WHAT YOU WILL DO
Beginning with the first entry, restate the data word for word and leave out the images.

INFORMATION GIVEN
+===+
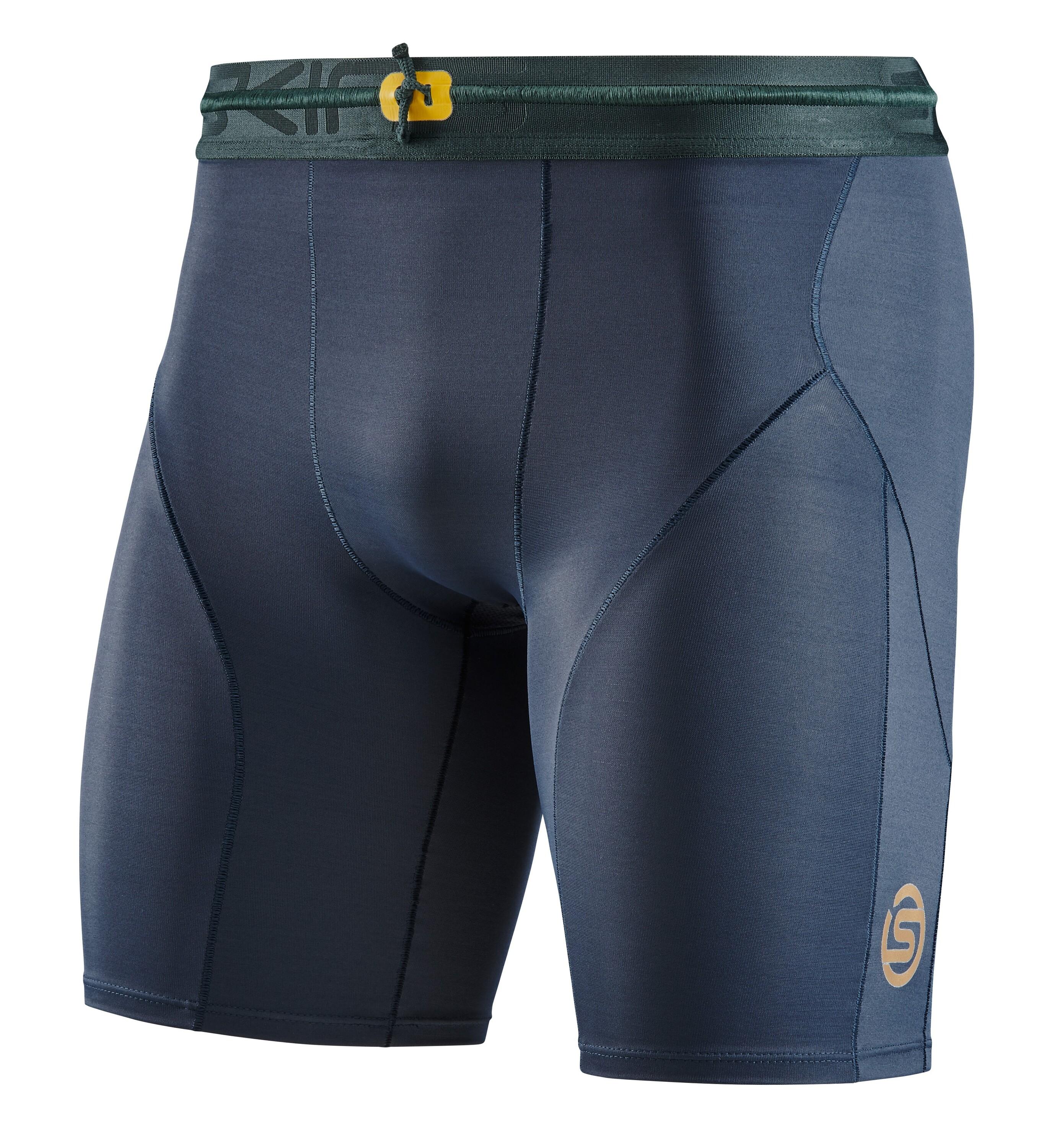 Die Series, Mens Powershorts von SKINS für Herren sind ideal für intensive Sportarten, die dynamische Bewegungen und explosive Geschwindigkeitsstöße erfordern, wie Sprinten, Powerlifting und Teamsport. Sie haben einen elastischen Bund mit einem Kordelzug zur Anpassung. Außerdem umhüllen sie den oberen Quad, die Kniesehne und die Gesäßmuskulatur, um ein hohes Maß an Kompression für die leistungserzeugenden Muskelgruppen zu bieten. Die antimikrobiellen Shorts sind reflektierend, um die Sichtbarkeit bei schlechten Lichtverhältnissen zu erhöhen.
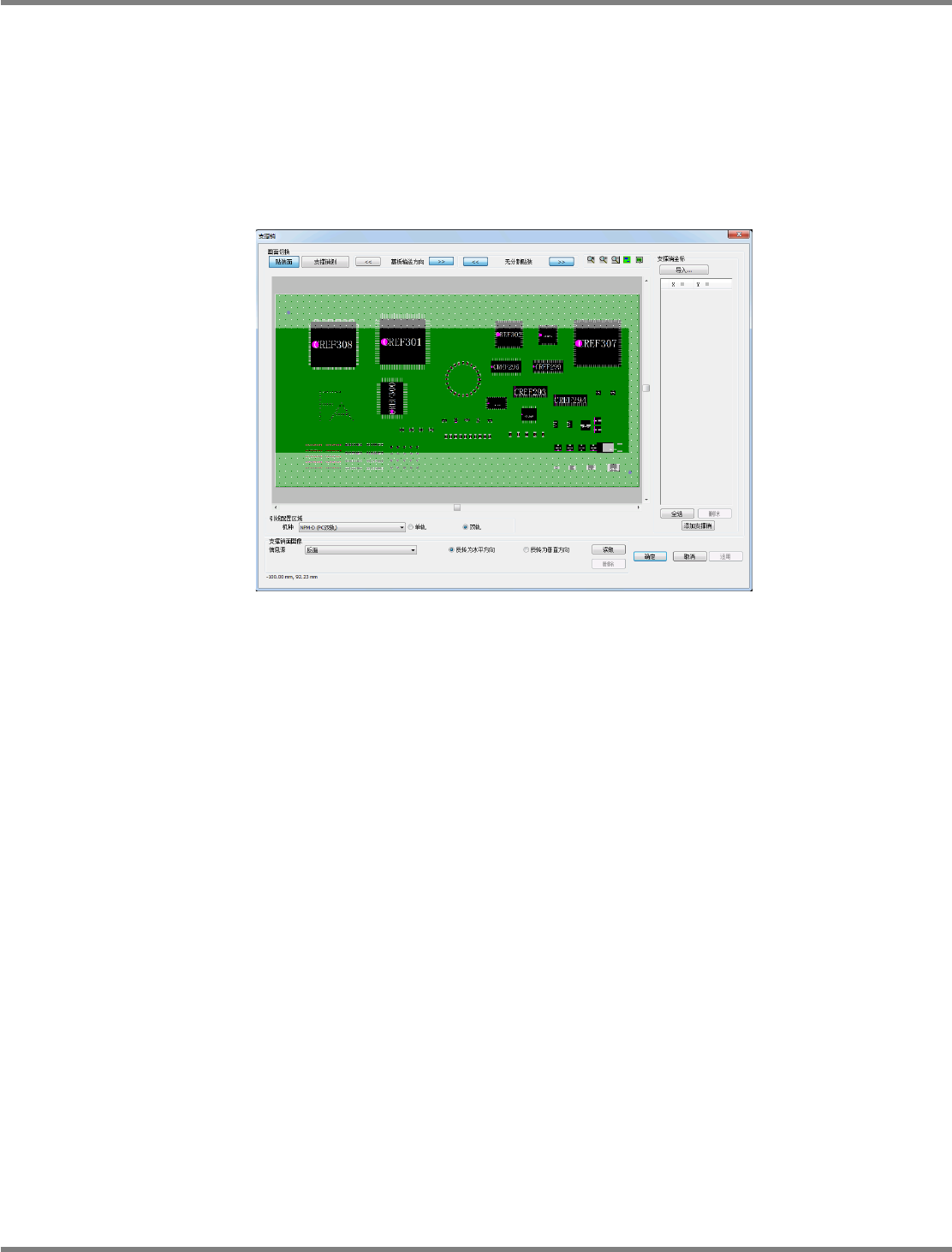 NPM-DGS 程序手册 13.2 支撑销配置数据的编制功能 EJS9AC-MB-13P-24 Page 13-13 13.2.2 功能 在 DGS 上编制支撑销的配置位置时,可 使用下述功能。 ① 可将支撑销面作为图像而读 取,并指定支撑销的配置位置。 ② 需要进行分割贴装的基板, 可在第 1 贴装位置、第 2 贴装位置下确认支撑销的配置 。 ③ 可指定机种或轨道类型,并 在确认可配置场所的同时指定支撑销 的位置。 ④ 可对每个设备设…
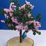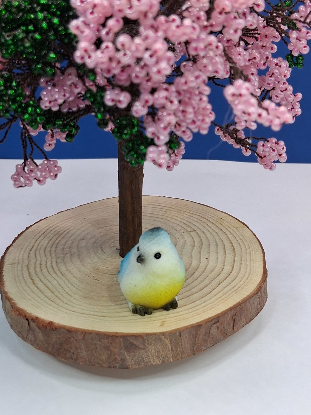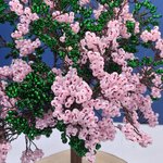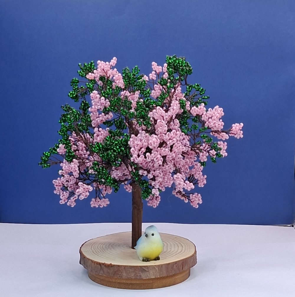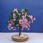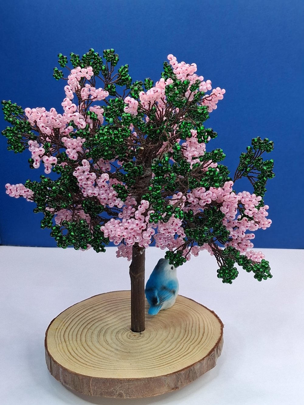 Entièrement réalisé à la main, cet arbre décoratif est confectionné avec soin à l’aide de perles de rocailles roses et vertes, enroulées sur du fil de cuivre fin.
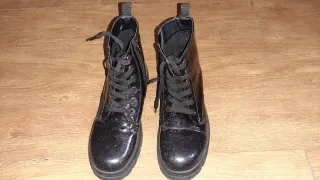 Botas de estilo combate con acabado brillante y detalles de purpurina. - Cierre con cordones y cremallera lateral. - Tirador trasero para facilitar su puesta. - Suela de goma gruesa. Muy buena condición, solo puestas un par de veces.
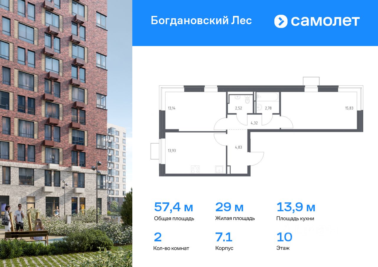 Предлагается 2-комнатная квартира комфорт-класса 57,35 кв.м в корпусе 7.1 на 10 этаже, в ЖК ''Богдановский Лес'' Квартира без отделки. Доступность опции ''отделка'' и возможность комплектации мебелью и декором уточняйте у застройщика.
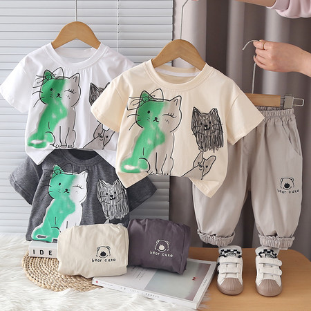 五小七&SJ8429满印大字母涂鸦短袖三件套
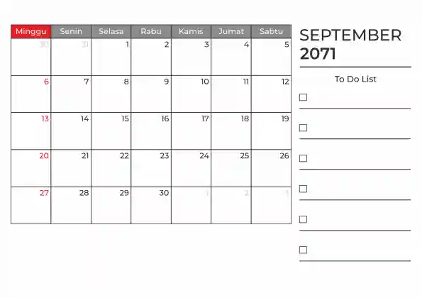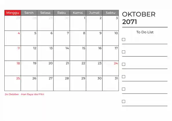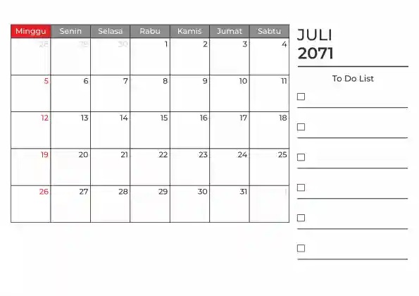 Template kalender 2071 duduk planner. Ada space kosong yang bisa di isi untuk menulis catatan dan ada space untuk menulis to do list.
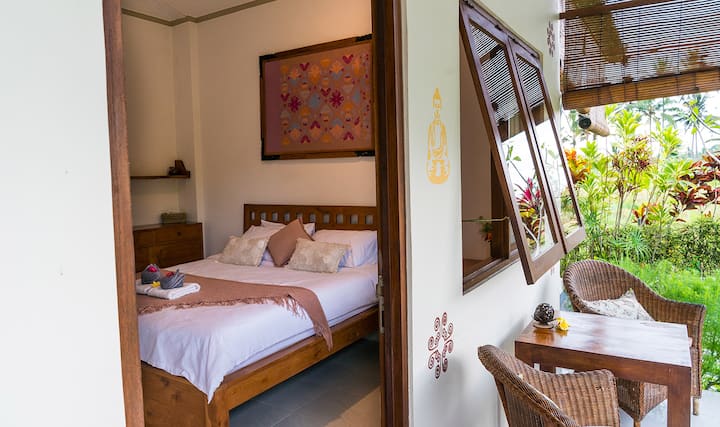Უბუდის ვიბრაციის სიყვარულით, შევიძინე სახლი სიმშვიდის ოაზისში და მინდა ჩემი სივრცე გავუზიარო ადამიანებს, რომლებიც აფასებენ ბრინჯის სილამაზესა და სიწყნარეს ცენტრთან ახლოს, ორი წუთის განმავლობაში სკუტერით, გზა, რომელიც ჩემს სამოთხეში მოაქვთ, სავსეა ლამაზი ადგილებით საჭმელად და დასალევად ადგილობრივი და ჯანსაღი საკვები.
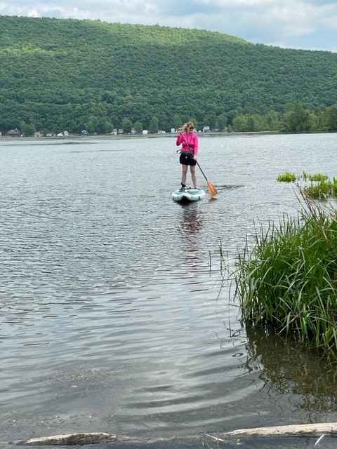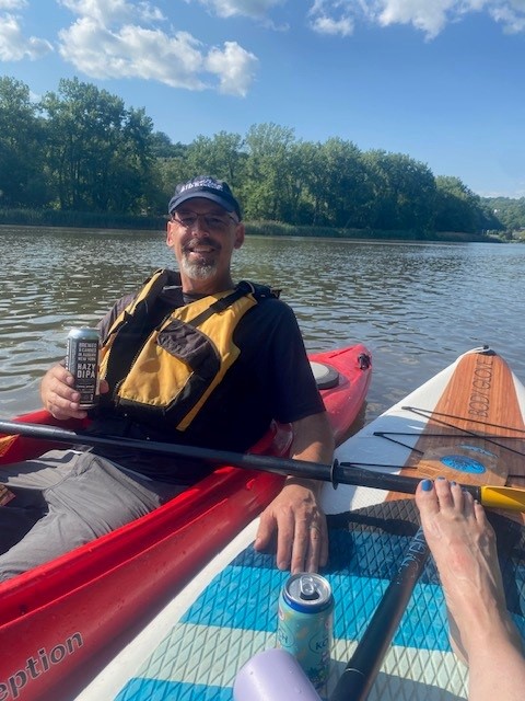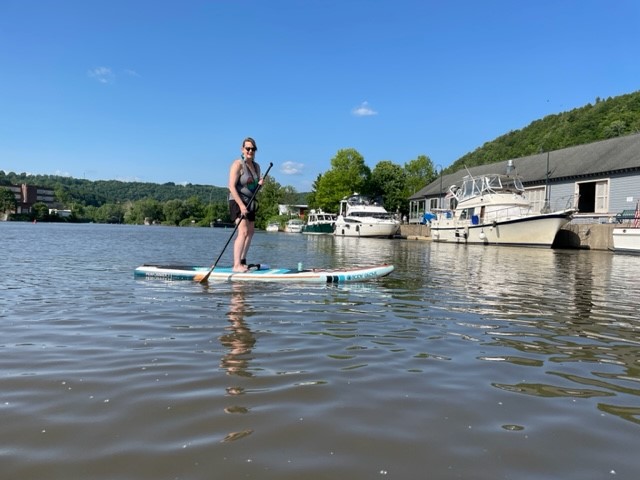 Celebrating the sunshine and a successful 80 mile ride, the paddleboard was launched and a kayak rented from the Little Falls marina. Here’s to another great day on our coast to coast adventure:
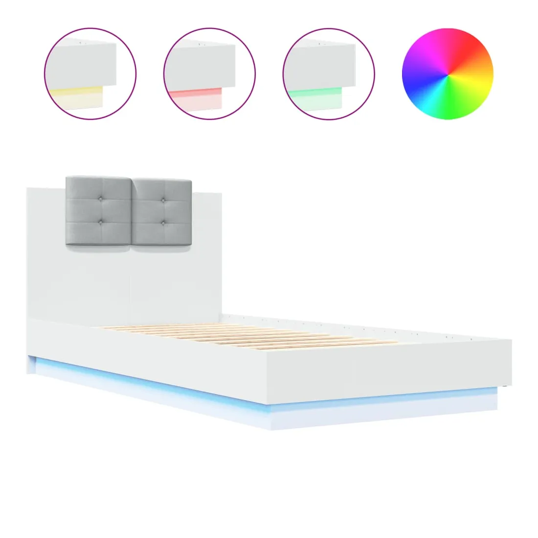 Obtenez une meilleure nuit de sommeil reposante grâce à ce cadre de lit avec tête de lit et lumières LED ! Il est un supplément accueillant à toute chambre à coucher. Matériau durable : le bois d'ingénierie est d'une qualité exceptionnelle avec une surface lisse et présente également résistance, stabilité et résistance à l'humidité.Lumières LED RVB : le cadre de lit est équipé de lumières LED RVB vibrantes. Avec divers menus personnalisables, vous pouvez changer sans effort la couleur des lumières et même les régler automatiquement. Ces lumières LED renforcent non seulement l'aspect contemporain du sommier, mais ajoutent également à son attrait tendance.Excellent soutien : la tête de lit vous offre un excellent soutien du dos lorsque vous êtes assis dans votre lit pour lire ou regarder la télévision.Lattes robustes : les lattes de contreplaqué assurent une bonne répartition du poids, garantissant que le matelas reste en place à chaque torsion de votre corps pendant le sommeil. Bon à savoir :Un matelas n'est pas inclus avec ce lit. Nous offrons une sélection variée de matelas. Vous pouvez consulter notre boutique pour trouver un matelas assorti.Ce produit est doté d'un connecteur USB qui nécessite une source d'alimentation USB de 5V certifiée (non incluse).
+===+
RESULT
 Die Series, Mens Powershorts von SKINS für Herren sind ideal für intensive Sportarten, die dynamische Bewegungen und explosive Geschwindigkeitsstöße erfordern, wie Sprinten, Powerlifting und Teamsport. Sie haben einen elastischen Bund mit einem Kordelzug zur Anpassung. Außerdem umhüllen sie den oberen Quad, die Kniesehne und die Gesäßmuskulatur, um ein hohes Maß an Kompression für die leistungserzeugenden Muskelgruppen zu bieten. Die antimikrobiellen Shorts sind reflektierend, um die Sichtbarkeit bei schlechten Lichtverhältnissen zu erhöhen.
 NPM-DGS 程序手册 13.2 支撑销配置数据的编制功能 EJS9AC-MB-13P-24 Page 13-13 13.2.2 功能 在 DGS 上编制支撑销的配置位置时,可 使用下述功能。 ① 可将支撑销面作为图像而读 取,并指定支撑销的配置位置。 ② 需要进行分割贴装的基板, 可在第 1 贴装位置、第 2 贴装位置下确认支撑销的配置 。 ③ 可指定机种或轨道类型,并 在确认可配置场所的同时指定支撑销 的位置。 ④ 可对每个设备设…
 Entièrement réalisé à la main, cet arbre décoratif est confectionné avec soin à l’aide de perles de rocailles roses et vertes, enroulées sur du fil de cuivre fin.
 Botas de estilo combate con acabado brillante y detalles de purpurina. - Cierre con cordones y cremallera lateral. - Tirador trasero para facilitar su puesta. - Suela de goma gruesa. Muy buena condición, solo puestas un par de veces.
 Предлагается 2-комнатная квартира комфорт-класса 57,35 кв.м в корпусе 7.1 на 10 этаже, в ЖК ''Богдановский Лес'' Квартира без отделки. Доступность опции ''отделка'' и возможность комплектации мебелью и декором уточняйте у застройщика.
 五小七&SJ8429满印大字母涂鸦短袖三件套
 Template kalender 2071 duduk planner. Ada space kosong yang bisa di isi untuk menulis catatan dan ada space untuk menulis to do list.
Უბუდის ვიბრაციის სიყვარულით, შევიძინე სახლი სიმშვიდის ოაზისში და მინდა ჩემი სივრცე გავუზიარო ადამიანებს, რომლებიც აფასებენ ბრინჯის სილამაზესა და სიწყნარეს ცენტრთან ახლოს, ორი წუთის განმავლობაში სკუტერით, გზა, რომელიც ჩემს სამოთხეში მოაქვთ, სავსეა ლამაზი ადგილებით საჭმელად და დასალევად ადგილობრივი და ჯანსაღი საკვები.
 Celebrating the sunshine and a successful 80 mile ride, the paddleboard was launched and a kayak rented from the Little Falls marina. Here’s to another great day on our coast to coast adventure:
 Obtenez une meilleure nuit de sommeil reposante grâce à ce cadre de lit avec tête de lit et lumières LED ! Il est un supplément accueillant à toute chambre à coucher. Matériau durable : le bois d'ingénierie est d'une qualité exceptionnelle avec une surface lisse et présente également résistance, stabilité et résistance à l'humidité.Lumières LED RVB : le cadre de lit est équipé de lumières LED RVB vibrantes. Avec divers menus personnalisables, vous pouvez changer sans effort la couleur des lumières et même les régler automatiquement. Ces lumières LED renforcent non seulement l'aspect contemporain du sommier, mais ajoutent également à son attrait tendance.Excellent soutien : la tête de lit vous offre un excellent soutien du dos lorsque vous êtes assis dans votre lit pour lire ou regarder la télévision.Lattes robustes : les lattes de contreplaqué assurent une bonne répartition du poids, garantissant que le matelas reste en place à chaque torsion de votre corps pendant le sommeil. Bon à savoir :Un matelas n'est pas inclus avec ce lit. Nous offrons une sélection variée de matelas. Vous pouvez consulter notre boutique pour trouver un matelas assorti.Ce produit est doté d'un connecteur USB qui nécessite une source d'alimentation USB de 5V certifiée (non incluse).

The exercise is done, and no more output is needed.